= Nasal chondrocytes =

Nasal chondrocytes (NC) are present in the hyaline cartilage of the nasal septum and in fact are the only cell type within the tissue. Similar to chondrocytes present in articular cartilage, NC express extracellular matrix proteins such as glycosaminoglycans and collagen.

== In their natural environment ==
At birth the nasal septum, except for the vomer anlage is completely cartilaginous. In the second half of the first year of life, the septum progressively ossifies in posterior-anterior direction by a process of endochondral ossification. The remaining cartilaginous part (characterized as hyaline cartilage) of the human nasal septum has a specific three-dimensional organization with regards to local differences in cell size and the amounts of extracellular matrix. In the outer region of the cartilage, NC are numerous, small, flat and oriented parallel to the surface. In the intermediate and central regions, NC are spheroid in shape, less dense, and are aligned perpendicular to the cartilage surface. The cartilage matrix is mainly composed of type II collagen (90-95%), although small amounts of type IX and XI collagen are also found. Nasal cartilage is tightly connected to perichondrium, consisting of several layers of connective tissue fibers (mainly based on type I collagen) running parallel to the cartilage.
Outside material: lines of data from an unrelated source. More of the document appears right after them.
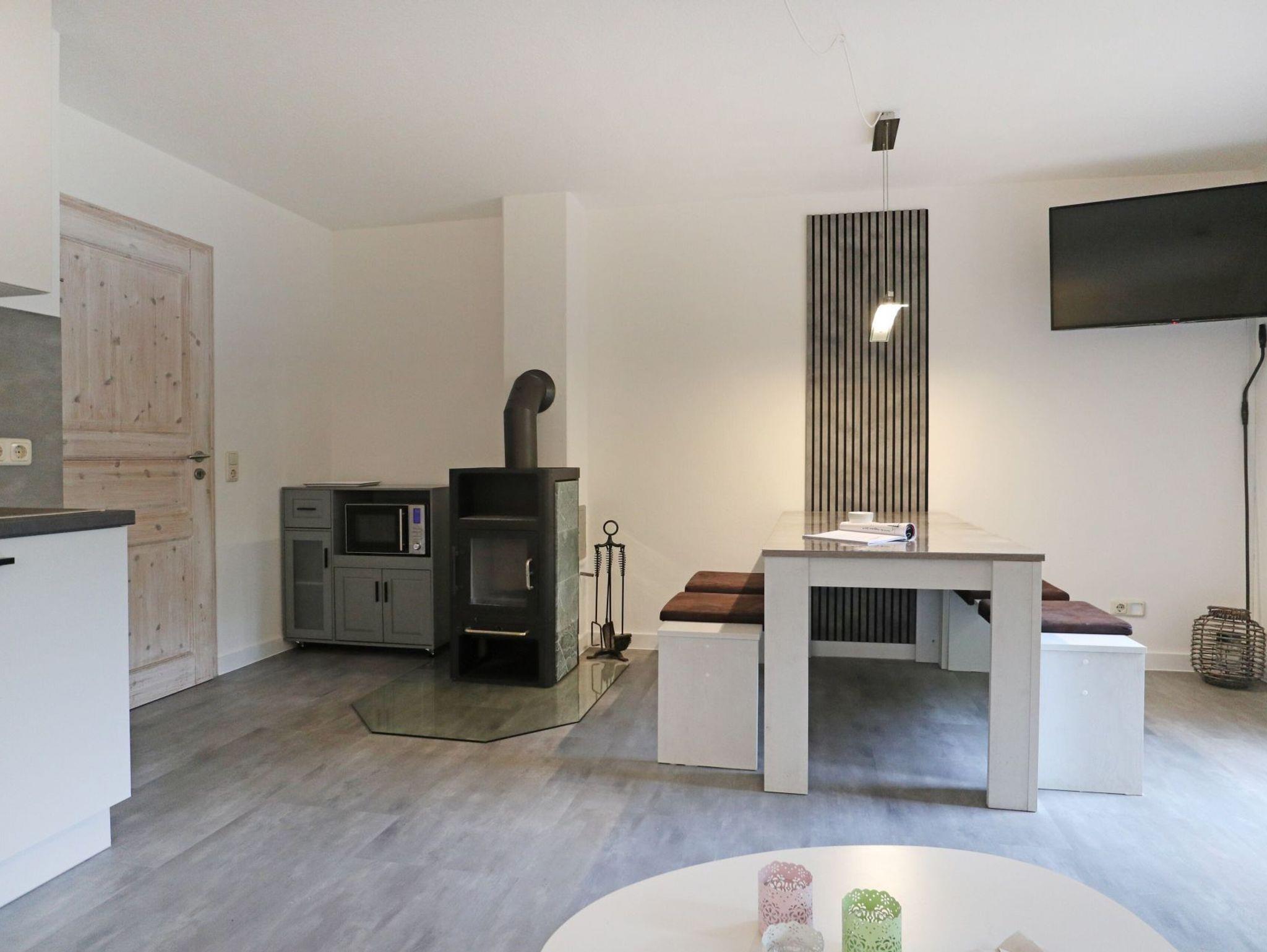 Das modernisierte Ferien Reihenhaus ? Urlauberdorf 44B - mit Süd-West Terrasse bietet auf 63qm familienfreundliches Wohnen zum Wohlfühlen. Der Wohn- und Essbereich ist klar strukturiert und mit einem Sofa, Kaminofen, Fernseher, Musikanlage und einem Esstisch ausgestattet ? ideal für entspannte Stunden mit der Familie. Zwei separate Schlafzimmer sowie ein Duschbad sorgen für Komfort und Privatsphäre. Die integrierte Küchenzeile ist vollständig ausgestattet mit Herd, Backofen, Mikrowelle, Geschirrspüler, Kaffeemaschine, Wasserkocher, Toaster u.v.m. Erholung finden Sie auf der saisonal möblierten Süd -West Terrasse. Im Erdgeschoss befinden sich ein hübsches Schlafzimmer mit zwei Einzelbetten und Kleiderschrank. Ein modernes Tageslicht Duschbad mit Waschtisch, Fön, WC und kostenfreier Waschmaschinen Nutzung ist ebenso vorhanden. Über eine Treppe gelangen Sie ins Obergeschoss mit einem weiteren Schlafzimmer mit Doppelbett, Kleiderschrank, 2. Fernseher, Kinderbett. Auch ein Kinderhochstuhl gehört zur familienfreundlichen Ausstattung. Bügeleisen und Bügelbrett befinden sich im Haus. Das Nichtraucherhaus ist für bis zu 4 Personen ideal geeignet. ein PKW-Stellplatz befindet sich kostenfrei am Haus. Weitere PKW-Stellplätze stehen in der Umgebung im öffentlichen Bereich kostenpflichtig zur Verfügung. Haustiere nicht erlaubt. Das Laden von Elektro und Hybridfahrzeugen ist nicht gestattet. Hiervon sind Akkus von E-Bikes & Pedelecs (unter Aufsicht) ausgenommen. Bitte beachten Sie, dass in diesem Objekt kein WLAN vorhanden ist.
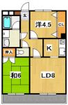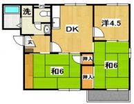 1980 45,000 yen, 2DK, 3rd floor / Three-story, 41.04 sq m | |
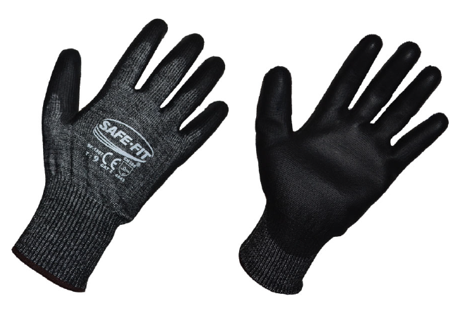 Guante resistente al corte nivel 5. Tuffalene® UHMWPE color blanco con negro, Cal.10, reforzado con hilos de acero, con recubrimiento de nitrilo espumoso en palma y dedos. Sin costuras.
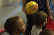 С младшей группой учились ориентироваться в помещениях детского сада. Путь указывал Колобок из сказки.
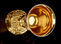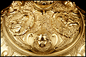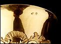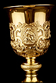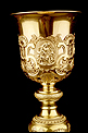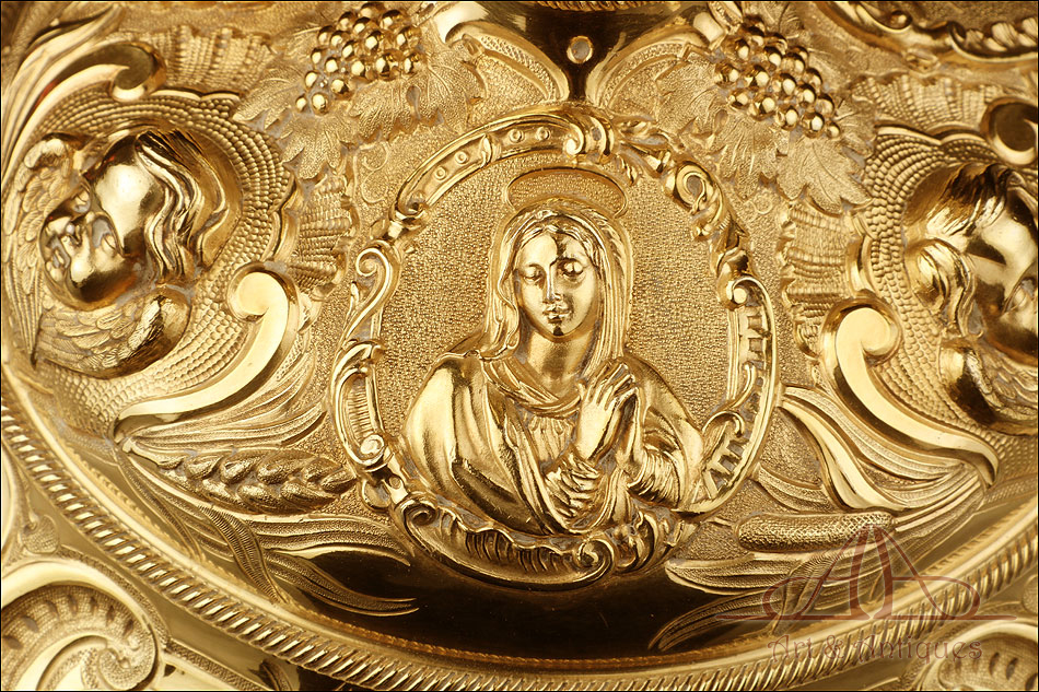 La copa que remata el cáliz lleva una preciosa sobrecopa de filigrana, formada por volutas y con tres medallones. Cada medallón contiene una efigie de una de las tres Virtudes Teologales: Fe, Esperanza y Caridad. De nuevo, cabe destacar la extraordinaria calidad del trabajo de labrado que se puede percibir en las imágenes. Las Virtudes están acompañadas por los símbolos de la Eucaristía. La patena que completa el conjunto, también de plata dorada, está decorada con el acrónimo IHS y el Sagrado Corazón grabados a mano y rodeados por una corona de espinas. Tanto el cáliz como la patena llevan el contraste de la plata francesa antigua y el del orfebre, Garnier.
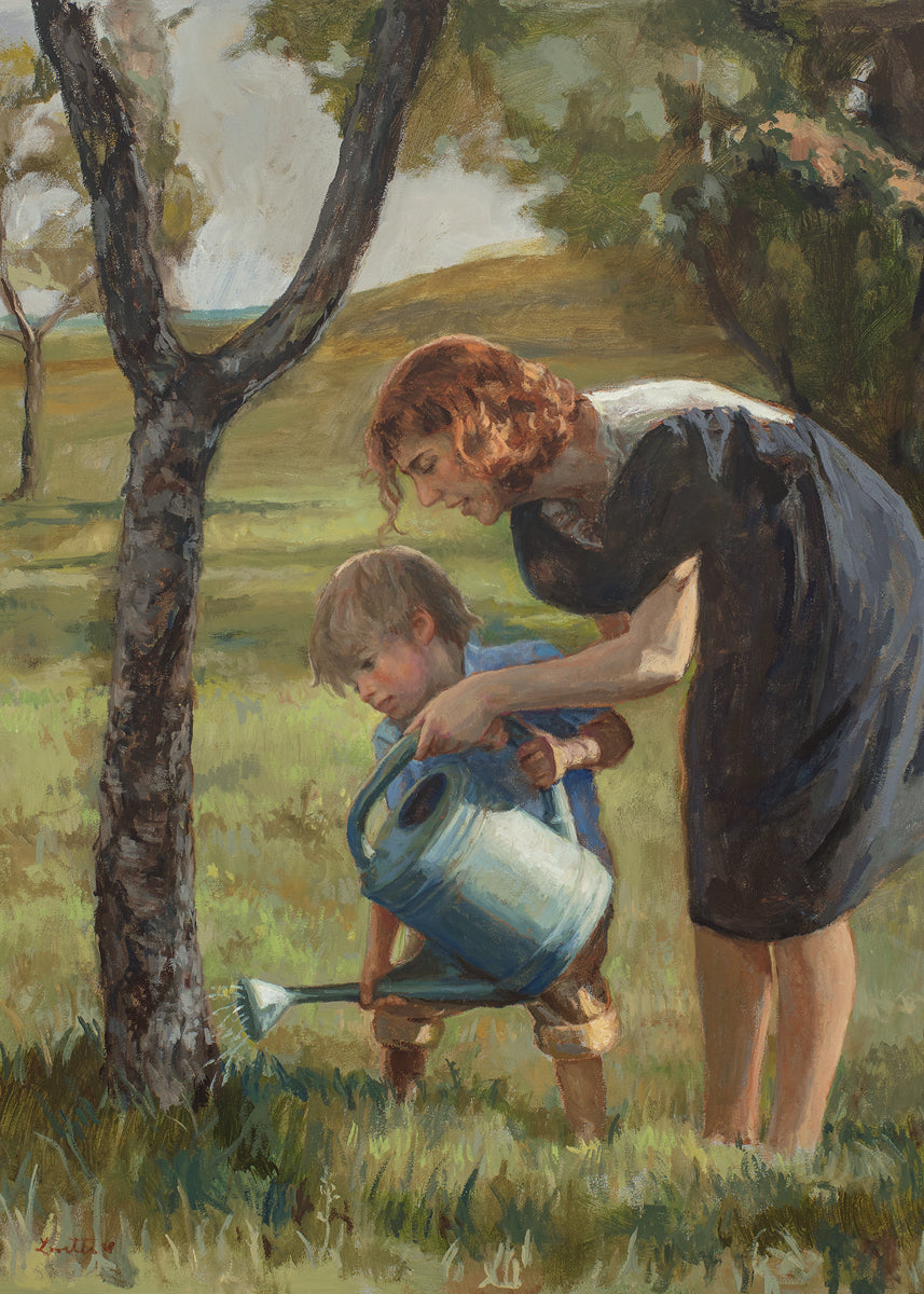 Lovetta Reyes-Cairo is an artist and mother working from her home studio in Utah. Her work often includes the human figure and explores ideas of motherhood, spirituality, and love.

== Tissue engineering applications ==
Articular chondrocytes have typically been the cell type used for cartilage tissue engineering strategies for articular cartilage repair. Since NC can also express hyaline cartilage-specific extracellular matrix proteins such as glycosaminoglycans and collagen, NC have recently also been used for the in vitro engineering of cartilage tissues due to its specific cellular regulation.

=== Cell isolation ===
Harvesting of nasal cartilage is minimally invasive, can be performed in an outpatient procedure under local anesthesia and is associated with minimal morbidity. NC can be isolated from nasal septal cartilage biopsies by enzymatic digestion using collagenase type I, II or IV (at different combination and concentration – varying from 0.15% to 0.6% –) alone or after an initial short pre-incubation phase with pronase (0.2% - 1%). Cell yield after enzymatic digestion of the nasal cartilage was estimated to be 2,100 - 3,700 cells/mg of tissue. Alternatively, NC can be isolated by outgrowth culture of nasal cartilage fragments.

=== Cell expansion ===
After isolation from septal cartilage biopsies, NC can be extensively expanded in numbers by conventional in vitro cell culture methods (monolayer culture in flasks or Petri dishes). The proliferation rate of NC was reported to be increased in the presence of specific growth factors such as TGF-beta and FGF-2 or culture supplements like Insulin-Transferrin-Selenium. NC cultured in medium containing autologous serum exhibit similar proliferation rates to NC cultured with medium supplemented with fetal bovine serum. Although articular chondrocytes derived from older individuals have been shown to have a lower proliferation capacity than from younger donors, NC have been shown to have significantly less age-dependence.

=== Differentiation ===
Similar to other chondrocytes from hyaline cartilage tissues in other locations in the human body, NC undergo a process of cell de-differentiation during monolayer culture. NC de-differentiation can be characterized by a gradual acquisition of a fibroblastic morphology, the expression of proteins associated with an undifferentiated mesenchymal cell phenotype (e.g., type I collagen and versican), and decreased expression of hyaline cartilage proteins (e.g., type II collagen and aggrecan). However, NC can re-differentiate when transferred back into a more physiological three-dimensional environment. Abundant production of cartilage specific matrix has been reported by expanded NC when induced to re-differentiate in micromass pellets, alginate beads, hydrogels, or into porous scaffolds based on polyglycolic acid, polyethylene glycol terephthalate/polybuthylene terephalate, collagen, or hyaluronic acid. Supplementation with specific growth factors (e.g., TGF-beta, IGF-1, and GDF-5) during re-differentiation has been shown to enhance the accumulation of glycosaminoglycans (GAG) and type II collagen as well as the biomechanical properties of the generated constructs.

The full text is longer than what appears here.